In the scheme of not-feeling-well, I'm doing pretty well. In the scheme of feeling well and being at work, I'm sulking and my head hurts and my stomach is unhappy and my throat hurts and I feel generally somewhat dazed. Being at a sort-of-reassembled-but-not-really makeshift desk in the newly razed front corner of the office isn't helping, since it's loud with the wall gone and everything I'm used to having neatly arranged at my desk is now piled in a teetering and chaotic stack 4 feet to my left.
Dazed. Razed. Fazed. It would be great if I knew how this being-sick-and-not-at-work business works around here.
I suspect that finding out may be in my future.
I have people to bother, stacks of stuff to sort through, project materials to organize and lists to update, but my morning tea hasn't woken me up yet.
This provides me with a perfect opportunity to point out two things. One, I made something two nights ago. It was a ring. It was blue. It had two resistors on it, attached in a way I'd never thought of before. I wore it gleefully to work yesterday with a small and discreet assortment of color-coordinated things. It's a new era, a deceptively tasteful chapter in the history of mad hardware science. When my paycheck clears, I'm going to the hardware store to buy myself a pair of non-scratching round pliers and then the world had just damn well better look out.
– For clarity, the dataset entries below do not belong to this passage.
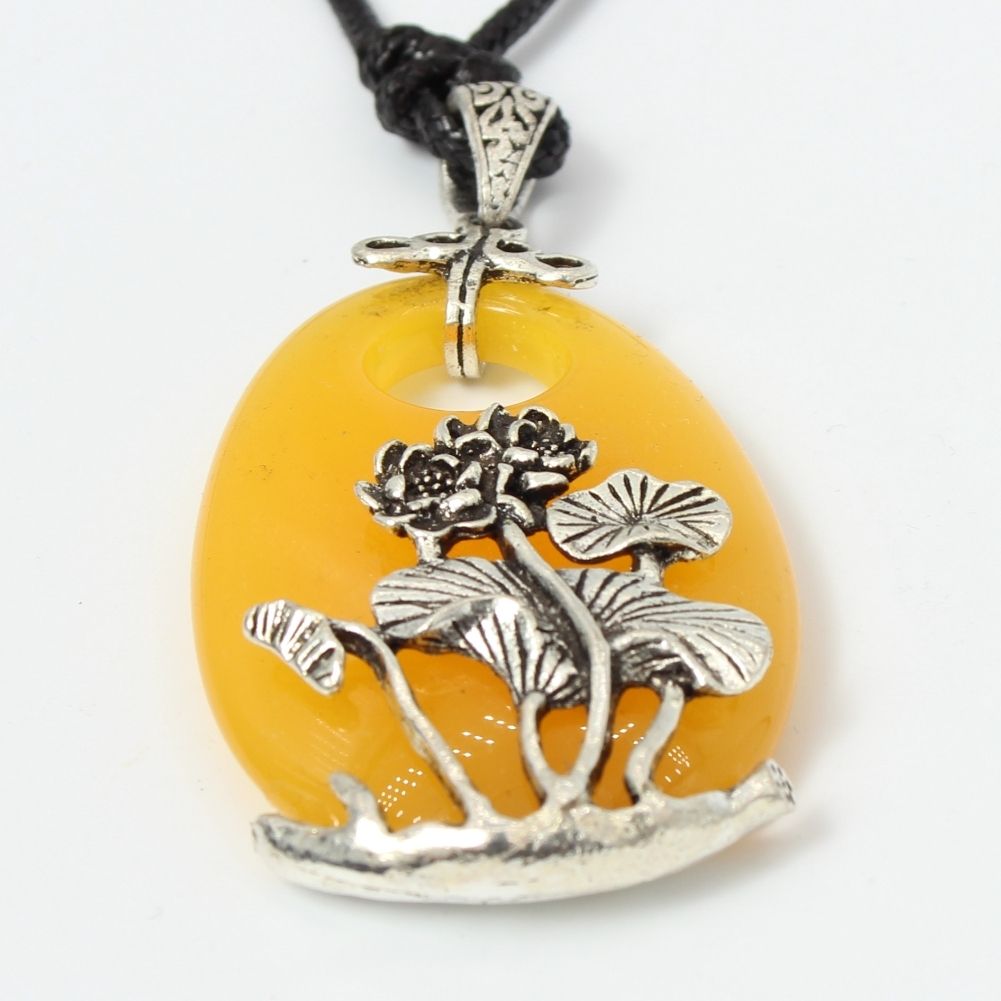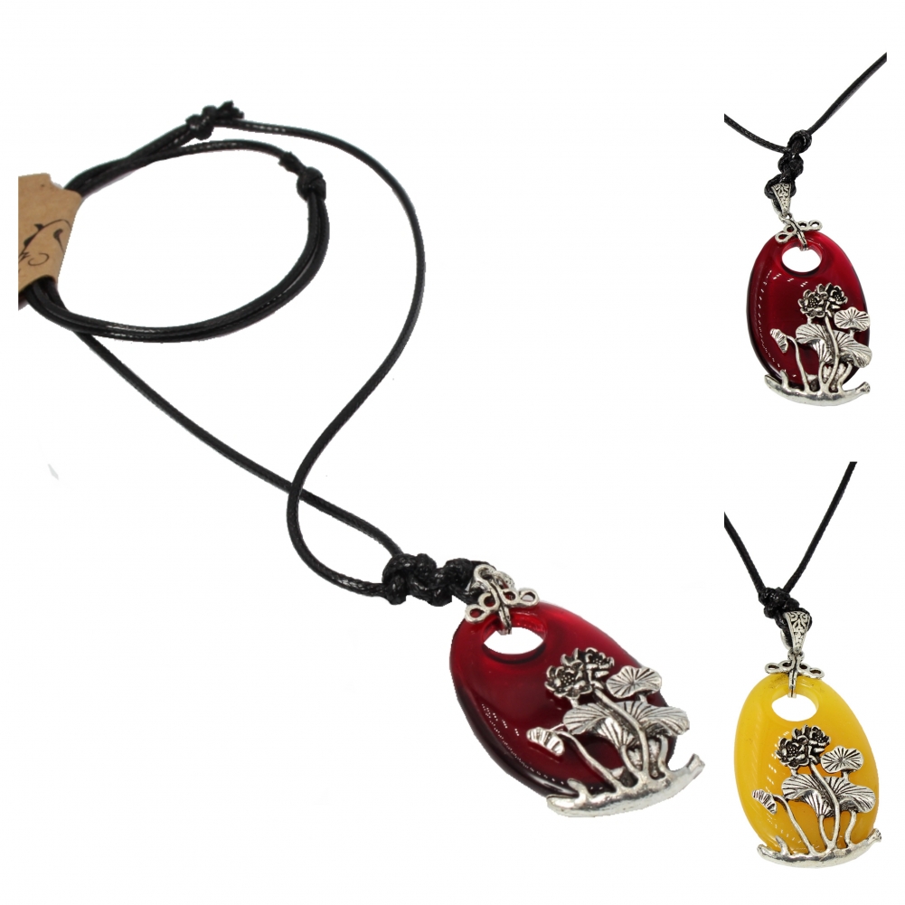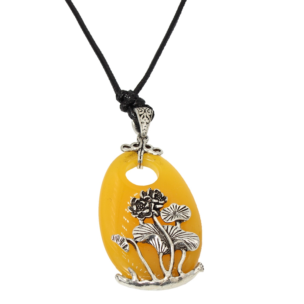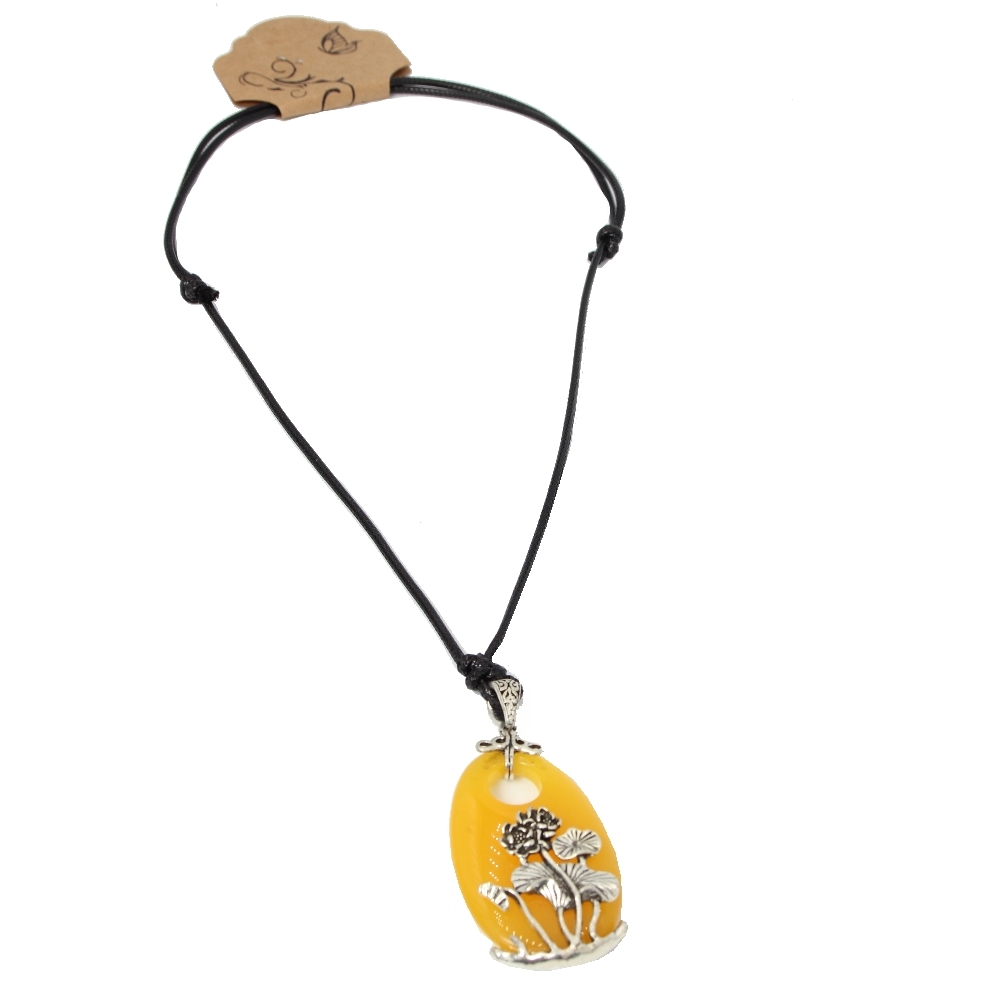 Bernstein Style Halskette mit Blumen Anhänger Handarbeit Vintage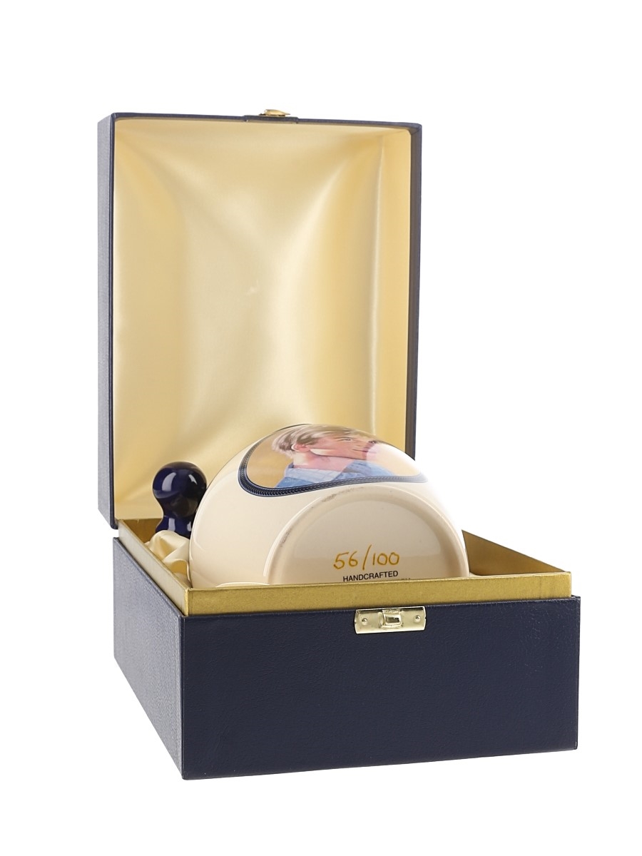 A bottle of Rutherford's Blended Malt Scotch Whisky presented in a ceramic Montrose Pottery decanter to celebrate the 18th Birthday of Prince William in June 2000. The blend is made up of a hundred different Malt Scotch Whiskies.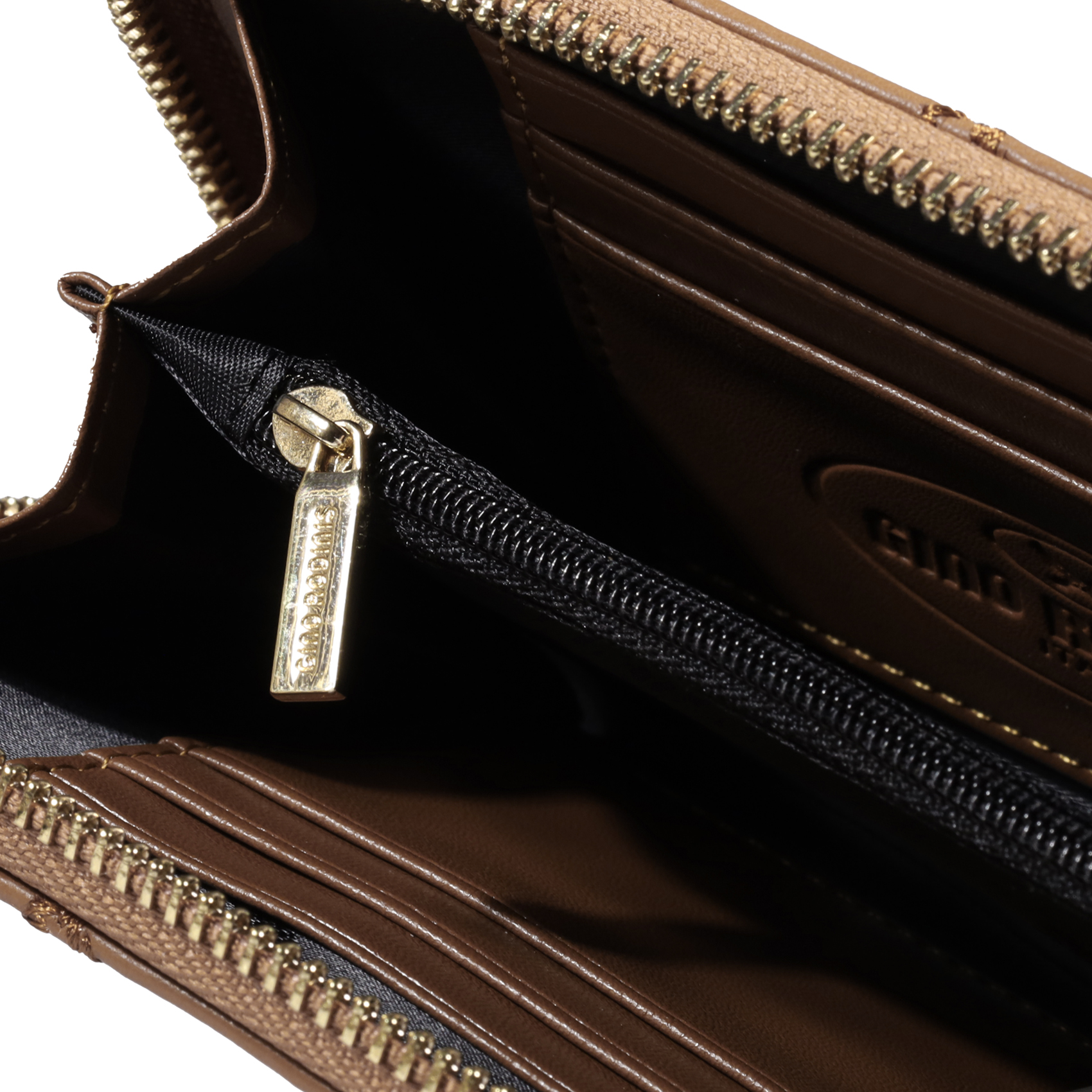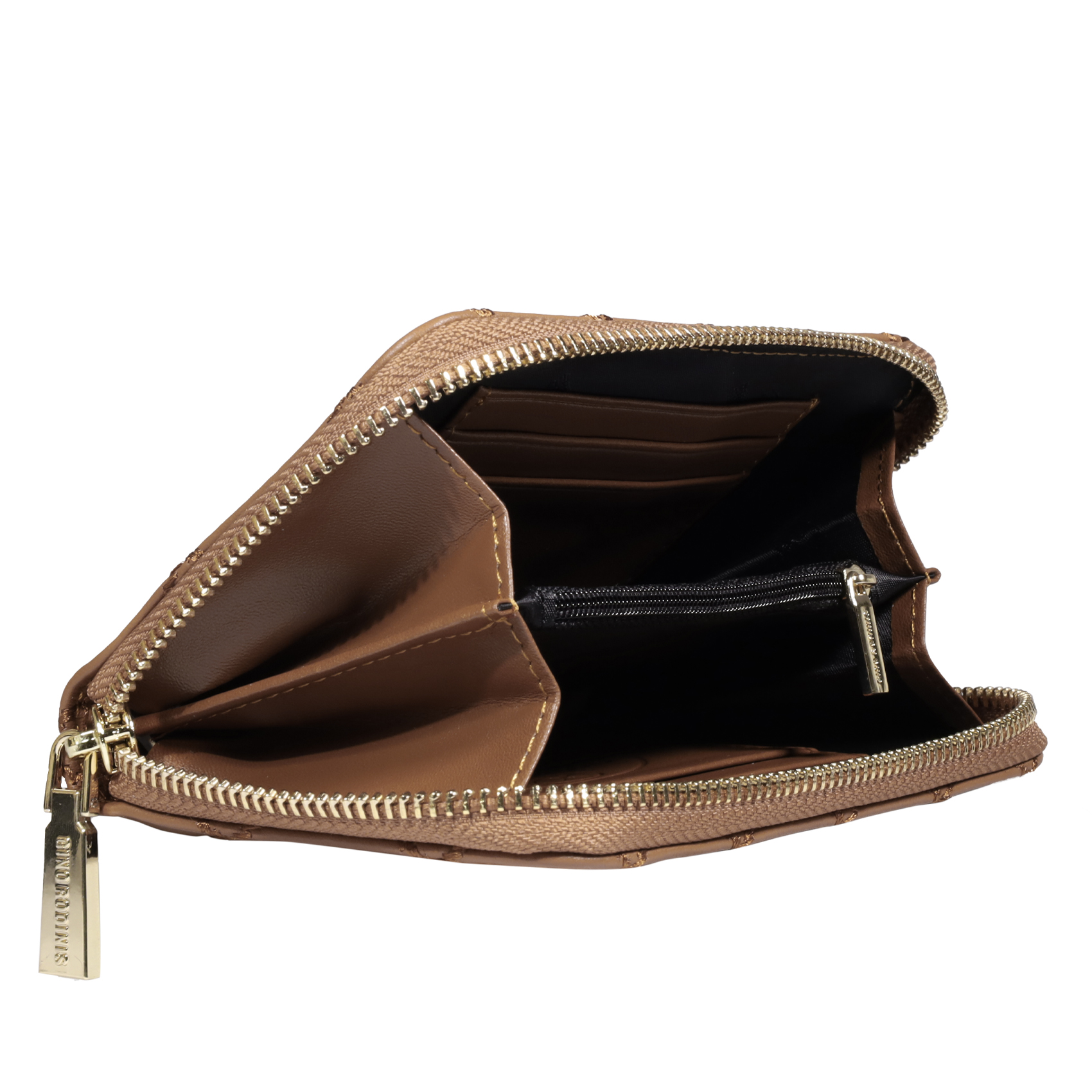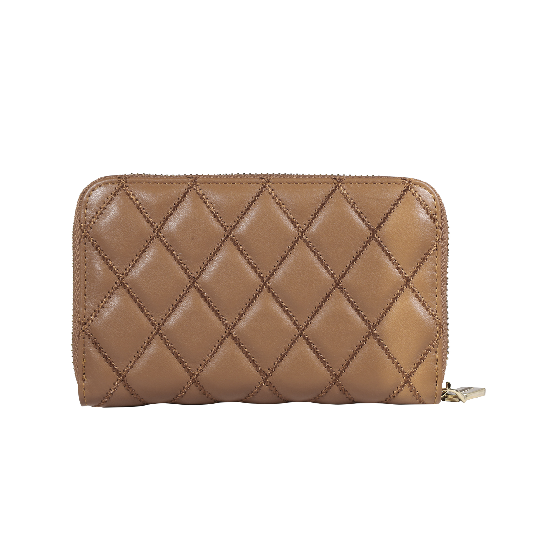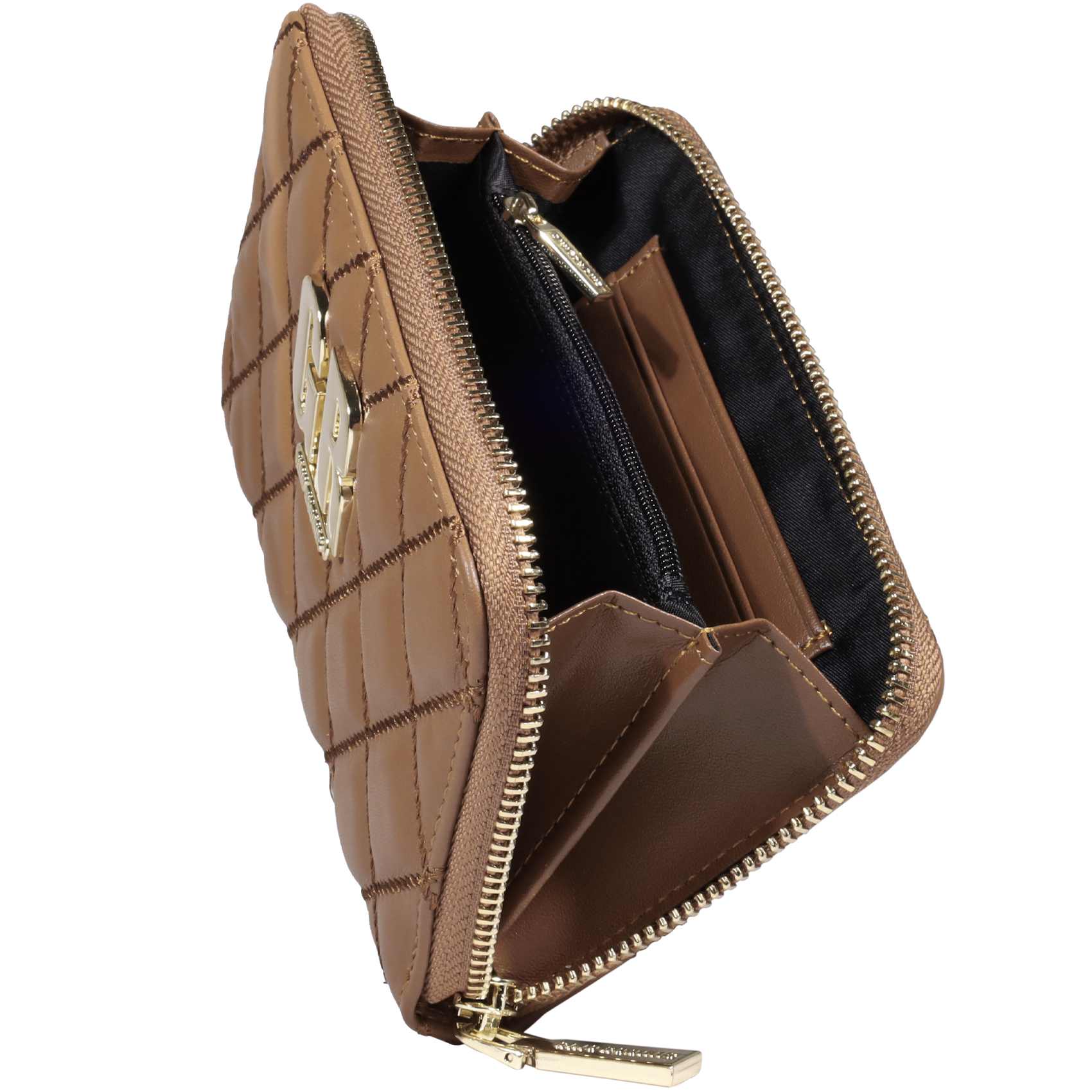 BILLETERA DE MUJER CON COSTURAS EN ROMBO, INTERIOR CON BOLSILLO CENTRAL Y CIERRE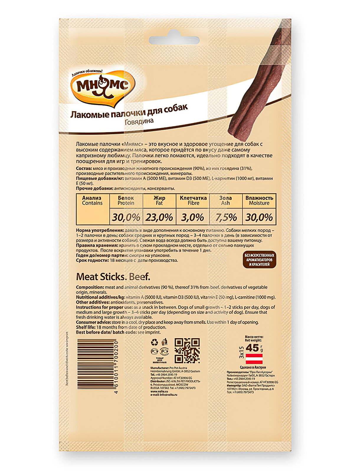 Мнямс лакомые палочки с говядиной для собак 45 г х 2шт. информация: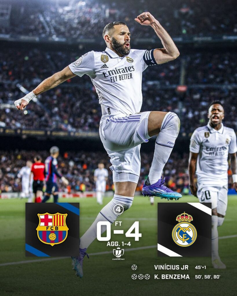 ولم يجد ريال مدريد صعوبة في التفوق على برشلونة بملعب /كامب نو/ وتمكن من إنهاء الشوط الأول بهدف دون رد، فتح به الطريق لثلاثة أهداف في الشوط الثاني بعد أن فرض على برشلونة الخروج من مناطقه من أجل التعادل، لينجح كريم بنزيما من تسجيل اسمه كأحد أبرز هدافي ريال مدريد في مواجهات الفريقين بعد أن ساهم في (8) أهداف (سجل 6 وصنع 2) في آخر (6) مباريات بين الفريقين في جميع المسابقات.
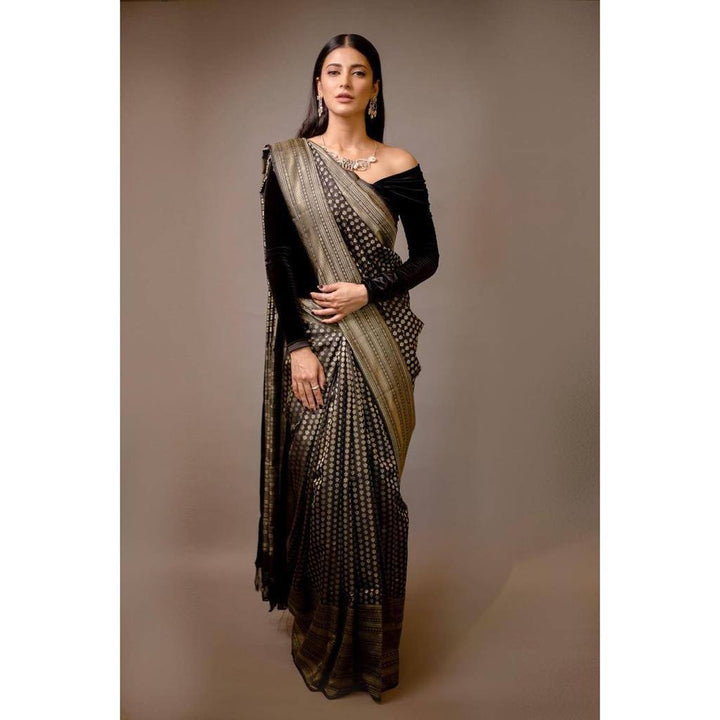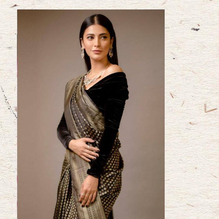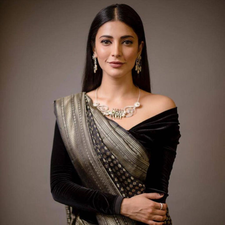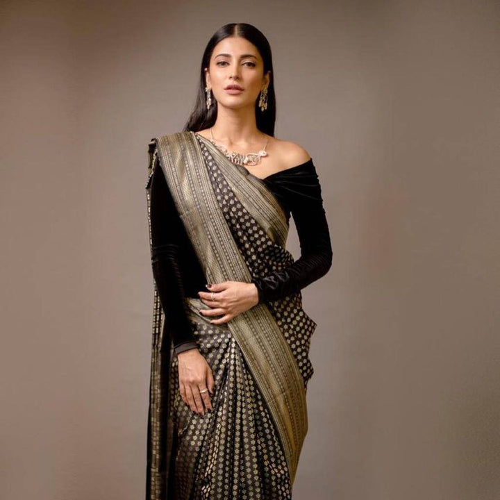 Stylish Black Colour Banarasi Litchi Silk Saree With Blouse Piece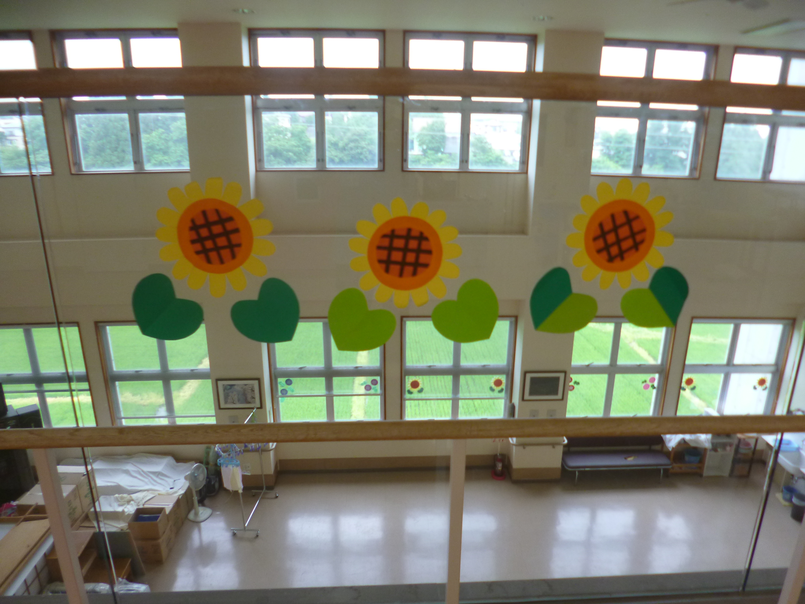 おうよう園の中では、ひまわりが咲いています。

Two, I know I posted a while back about billboard distribution in BART stations. Has anyone else noticed that Apple has purchased every single billboard in the Powell Street station for its iPod ad campaign? It's a row of black silhouettes against brightly colored backgrounds as far as the eye can see. On Monday I saw one billboard remaining for a housing complex in Hayward; after trying to see around inconveniently-placed trains for two days I've finally confirmed today that it's gone. We have achieved iPod uniformity. Buy or be assimilated.
It's ironic and strange given Apple's image in the computer world as the quirky minority competitor, the salmon to the PC/Microsoft stream. I am officially unnerved.
Today, while I sat in Dolores Park eating lunch, I watched a girl sitting near me trying to be sneaky about smoking pot. She was carefully watching to see when people were looking in her direction, and when they weren't she'd light a little tiny pipe and take a hit from it. It was pretty adorable the way she tried so hard to be unnoticeable, exactly as if her lighter weren't making a loud clicking noise that gave her away to everyone in the park.
Adorability notwithstanding, I have to say it was a terrible waste of nice air. You see, cities don't generally smell very good. It's just inherent in urban-ness. It's pretty inherent in suburban-ness as well, for that matter. City environments just smell like car exhaust and spoiled food and perfume and hot asphalt. It makes the air sub-optimal for breathing purposes, and San Francisco air is usually no exception.
Dolores Park air at noon on the first sunny, clear Monday in May, however, is an exception. It's green. It's warm. It's rich, and not in that week-old tuna kind of way. It's what you get when you crank up the heat and pull the photosynthesis lever over to "Turbo". It's air that drips out of the sky at 85 degrees Fahrenheit and settles down into the cool green grass, bounces around among the blades and comes back up feeling wiggly and alive. It's occasionally joined by stray whiffs of sugar and vanilla from the bakeries in the Mission, unless that's just coconut from the various tanning products being used by the sunbathers basking on their towels. Ahhhhh.
My boss complimented me on my logic today. Tomorrow I'm bringing homemade vegan banana bread to the office. Is it wrong to experiment with stimulus-response conditioning in the workplace?